**Dataset extract**
•••••
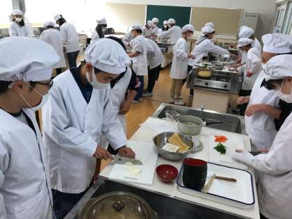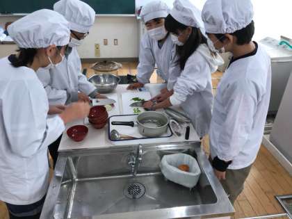 本日5年1組は家庭科の調理実習で、清江田でとれたご飯を炊き、みそ汁を作りました。日ごろのお手伝いの成果か、素晴らしい包丁さばき???を見せてくれる子どもが多く、とってもスムーズに完成しました。
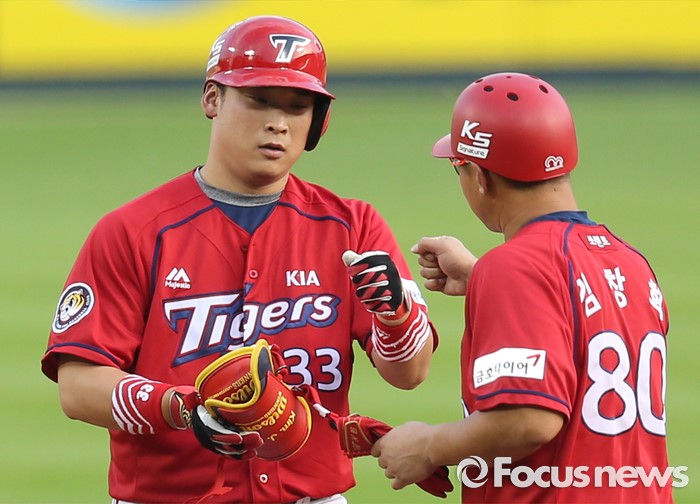 (서울=포커스뉴스) 10일 서울 잠실구장에서 열린 2016 프로야구 KIA-두산 경기 1회초 2사 1,3루에서 KIA 김주형이 1타점 우중간 2루타를 치고 2루에서 김창희 코치의 축하를 받고 있다.
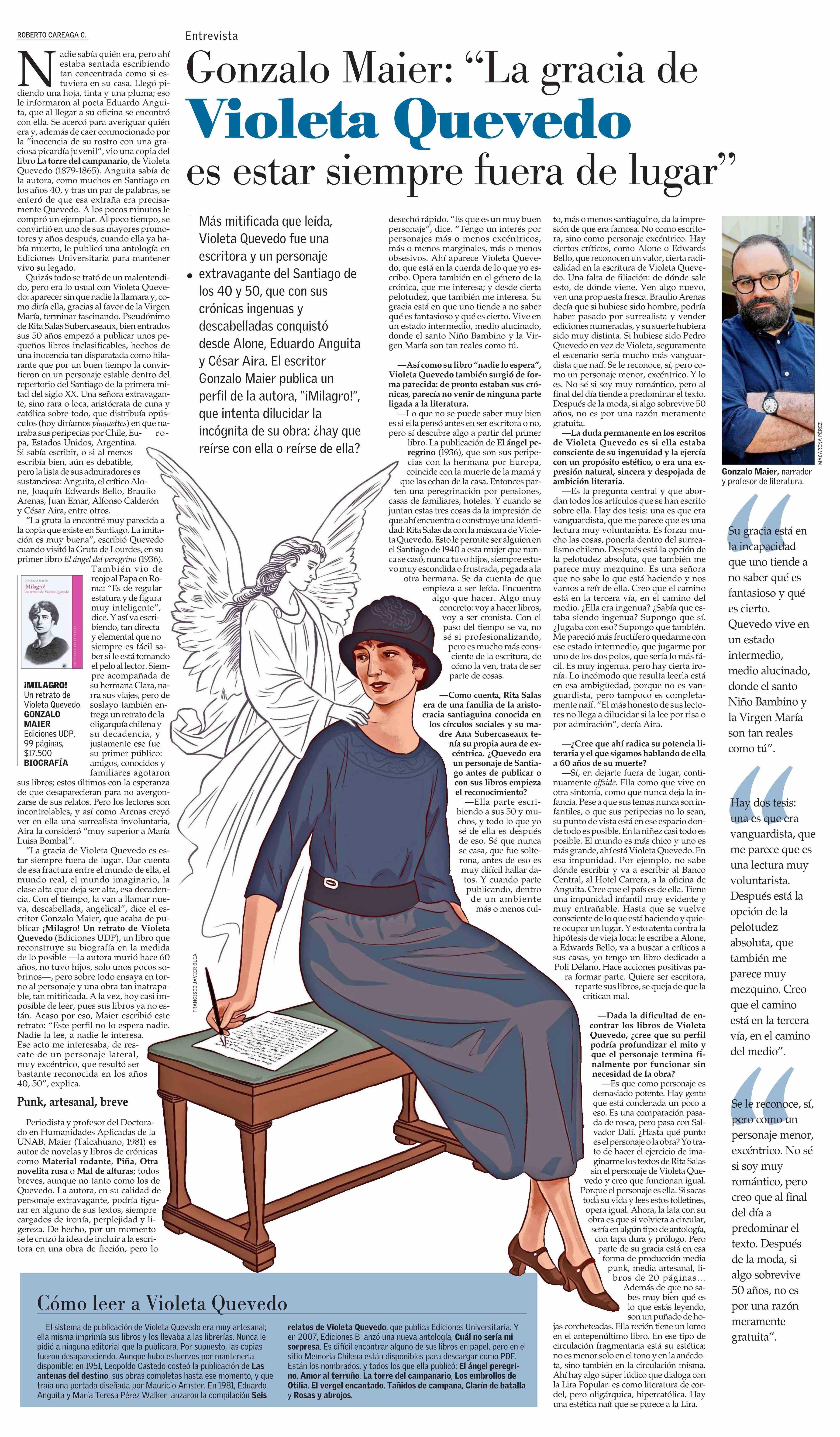 Gonzalo Maier: "La gracia de Violeta Quevedo es estar siempre fuera de lugar” 27-07-2025 El Mercurio |
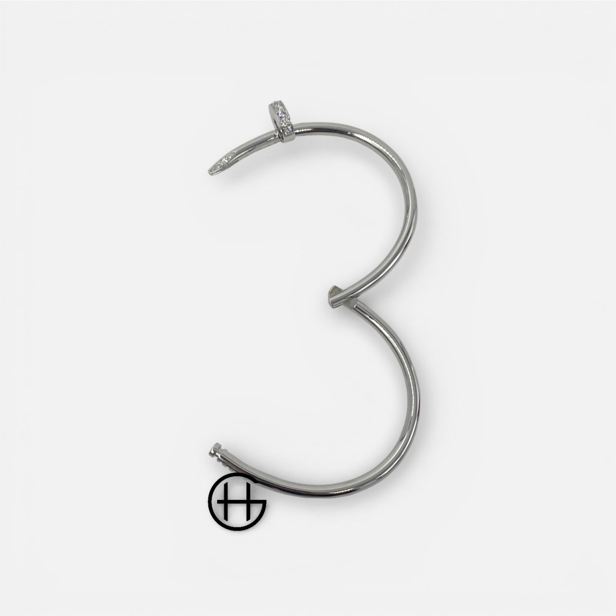 Exklusivt Cartier Juste un Clou armband i 18K vitguld, storlek 17, uttaget 2017. Ett ikoniskt och tidlöst lyxsmycke från Cartiers välkända Juste un Clou-kollektion, känt för sin djärva spikdesign och eleganta uttryck.
•••••
Set down the material exactly, every line of it, except for the pictures.

 本日5年1組は家庭科の調理実習で、清江田でとれたご飯を炊き、みそ汁を作りました。日ごろのお手伝いの成果か、素晴らしい包丁さばき???を見せてくれる子どもが多く、とってもスムーズに完成しました。
 (서울=포커스뉴스) 10일 서울 잠실구장에서 열린 2016 프로야구 KIA-두산 경기 1회초 2사 1,3루에서 KIA 김주형이 1타점 우중간 2루타를 치고 2루에서 김창희 코치의 축하를 받고 있다.
 Gonzalo Maier: "La gracia de Violeta Quevedo es estar siempre fuera de lugar” 27-07-2025 El Mercurio |
 Exklusivt Cartier Juste un Clou armband i 18K vitguld, storlek 17, uttaget 2017. Ett ikoniskt och tidlöst lyxsmycke från Cartiers välkända Juste un Clou-kollektion, känt för sin djärva spikdesign och eleganta uttryck.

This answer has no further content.